We agree that this could be tested. However, it seems most likely that the peptidyl-tRNA just iteratively slides three nucleotides backwards, reiterating the final lysine codon, such that the peptidyl-tRNA remains constantly poised on an AAA codon in the P site.

4) It would be appropriate to have molecular weight marker sizes indicated in Figures 4 and 5, with the expected sizes of the products indicated in the legends.

Figures 4 and 5 and their corresponding legends were updated as suggested by the reviewer.

Reviewer #3

1) Figure 1A: it is not obvious why a dual-luciferase reporter vector was used for these experiments, nor the rationale for why the insert is placed at the 5' end of the Renilla sequence. An explanation of the rationale behind the setup would be appreciated, especially given that both reporters are used to study NMD in yeast cells (Figure 6).

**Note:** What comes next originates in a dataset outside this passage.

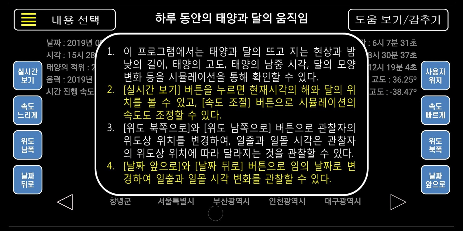 태양과 달의 방향각과 시뮬레이션 화면을 개선하였습니다.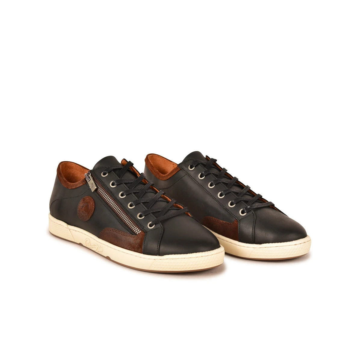 On ne vous présente plus le modèle JAY, véritable classique de la marque Pataugas. Cette basket pour homme revient cette saison avec une tige en cuir waxé couleur bleu marine. C’est un cuir qui a été nourri avec beaucoup d’huile ce qui donne un aspect gras au cuir et lui permet de résister plus facilement à la pluie. C’est une basket également pratique grâce à sa fermeture qui facilitera le chaussant.

The dual luciferase reporter was used because we had these data from a previous study that we were conducting in the lab. We also conducted the study in Figure 1 with mCherry reporters in yeast. The levels of fluorescence from these latter constructs were too small to measure, though the data analyzed by western are consistent with the luciferase reporter data.

2) Figure 3: the descriptions of Figures 3A, 3B and 3C in the manuscript text do not match up with the figures themselves. Furthermore, we suggest that the components of Figure 3 ought to be reordered. Namely, the di-lysine schematic diagram (currently 3B) should be introduced first.

The figure has been rearranged as suggested, and is now correctly referenced in the text.

3) Figure 6: I am somewhat worried that the luciferase mRNA steady state abundance in wild-type cells is only half that of UPF-delta cells. Usually, mRNAs harboring in frame PTCs are very low abundance (e.g. <5%). This may be due to the fact that a dual luciferase reporter was used? However, in the end, the data are what they are, and this is not a deal-breaker.

The mRNA levels of the wild-type luciferase reporter in the mRNA steady-state assay do not differ when the reporter is expressed in wild-type and upf1Δ cells, rather these values are within error of each other (amount of luciferase mRNA in cell-line/luciferase mRNA in wt cells = 1 ± 0.28, for wt, and 0.75 ± 0.16, for upf1Δ).